In an interesting bit of coincidence today I came across two sets of photographs about different aspects of life in the old DDR - the former East Germany. One set is from an exhibition "Do Not Refreeze" about the personal (and political) work of East German Photographers during the Cold War.
(Thomas Meyer, Inside Stasi - Stasi office with portrait of Erich Mielke)
The other is from a set of contemporary photographs about the institution that was the Stasi - the East German Secret Police - Inside Stasi by photographer Thomas Meyer.
I read a review of the first exhibition, "Do Not Refreeze", in the Guardian - unfortunately there are very few of the images online, but it certainly sounds interesting:
(Sybille Bergemann)(Thomas Meyer, Inside Stasi - Stasi bunker near Leipzig)
...Painting and sculpture, literature, poetry and theatre were very closely observed by the Stasi," says Gundula Schulze Eldowy, an artist and photographer who was based in east Berlin in the 70s and 80s. "Photography less so, and that was simply because they didn't perceive it as an art form." Photography, in other words, could get away with a critique of the repressive communist system that was largely denied to the other art forms.
(Erasmus Schroeter)
...Shaul argues that the authorities in East Germany failed to understand what was being expressed in many of the photographs. "Often the photographers were careful not to add a title beyond a place and date, because socialist ideology was very hung up on definitions. In effect, what they did was generate a visual language which was unreadable to the organs of state power but readable to the general public."
Thus Richter's beautifully composed Receptionist in Town Hall 1975 contains a coded message about a woman imprisoned by the state. "What Richter was trying to do with this and many of her other pictures," says Shaul, "was to communicate between the lines. She was trying to emphasise the way in which people in the GDR were enclosed and expected to give reverence to the communist party.
(Evelyn Richter)Behind that woman is a picture of Erich Honecker [East Germany's head of state in the 1970s and 80s], displayed as you would display a religious icon. Another photograph, Entrance to a Convalescent Home 1986, shows a picture of Lenin preaching to revolutionaries. The idea is to use a picture within a picture to present an ideology that had once been dynamic as something that, by the mid-80s, had become tatty and careworn."

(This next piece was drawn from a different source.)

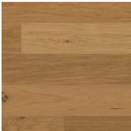
OULL1 | Wood: OAK | Base powder: NATURAL | Finish: NATURAL
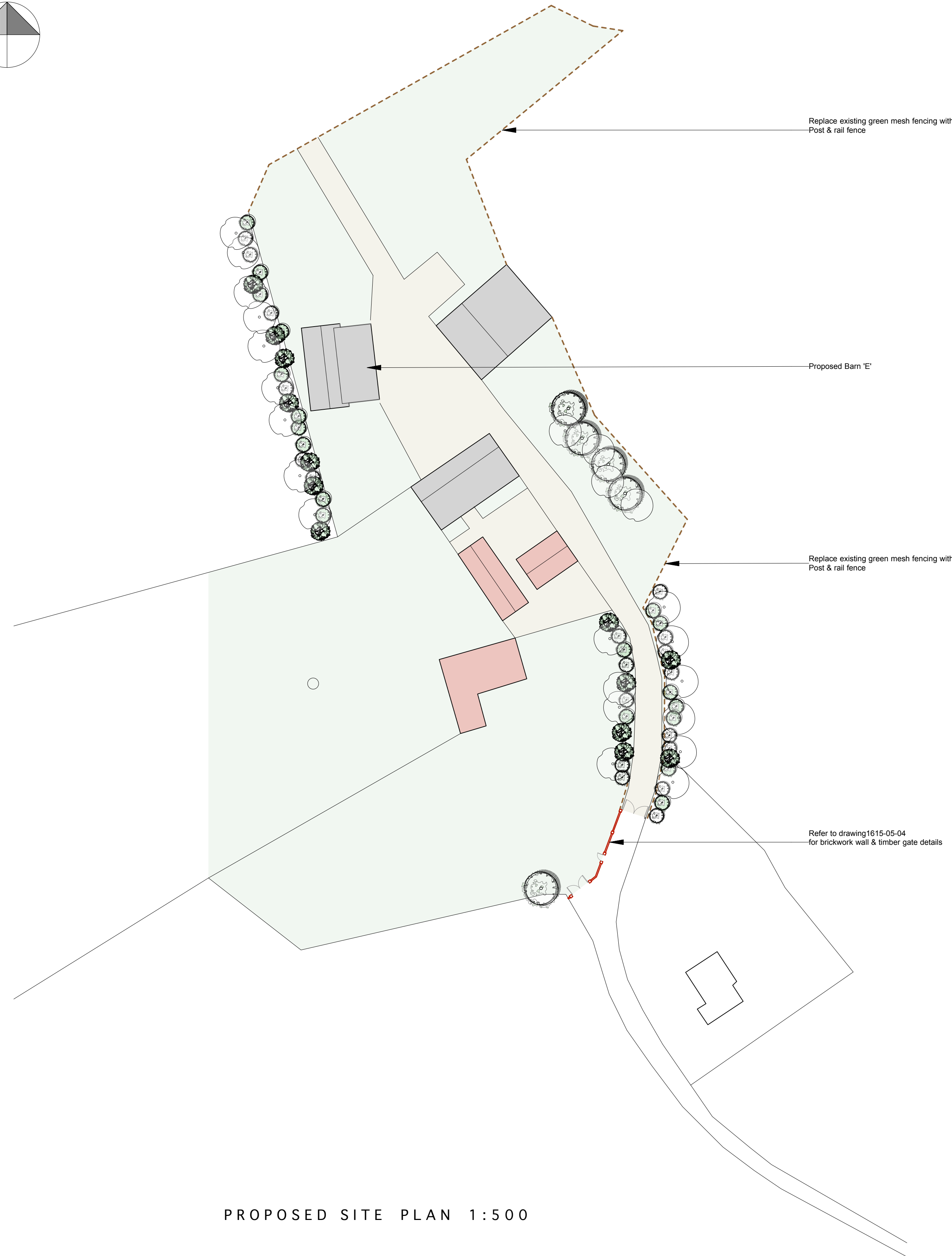
PROPOSED SITE PLAN 1:500

...After the wall came down in 1989 some of these photographers never again recaptured the spark of their pre-liberation work. "Some have made successful careers in the reunited Germany," says Shaul, "but others have been bereft and their work is a pale shadow of what they did under communism. They needed to push against the wall of state censorship, which defined and nurtured their work; they needed to find chinks in the communist armour, niches in which to express themselves". More here.
The Stasi - the Ministerium für Staatssicherheit or Ministry for State Security, were initially modelled on the KGB and were known for their all encompassing surveillance of the East German population, from phone taps to bugs to neighbours, co-workers, friends and family acting as informers. After the Berlin Wall came hundreds of thousands of hours of sound surveillance tape were found. There were files and index cards on just about every person in the country. By the end of the Cold War, the Stasi had about 90,000 staff and 1 in 50 of East Germany's citizens was also working for the Stasi and the their archives show just who was informing on who, and how often trusted friends and even loved ones were in fact working for the Stasi - in some ways, leading to a state of national paranoia.
Thomas Meyer's photographs are a good cold eyed look at the remaining empty shell of this fear inducing institution.
(Thomas Meyer, Inside Stasi - File card archive)
Do Not Refreeze is at the Focal Point Gallery, Southend, until March 8, and at the Wolverhampton Art Gallery from May 10 until June 28.
(Thomas Meyer, Inside Stasi - Interrogation room)
Of course, there is also a book of the show Do Not Refreeze
(Thomas Meyer, Inside Stasi - Photographic room)
3 comments:
Pity there's no Inside Stasi book!
wow the first photo is powerful. i was seriously taken back when i first saw it.
Serg
I had made a note to myself to catch this show when it was on show near me - missed it though. Still, Southend is close so I will definitely go there to see it.
When I first read about the work and saw some images I knew it was a 'must see'. Your review has made me even more sure of that, thanks.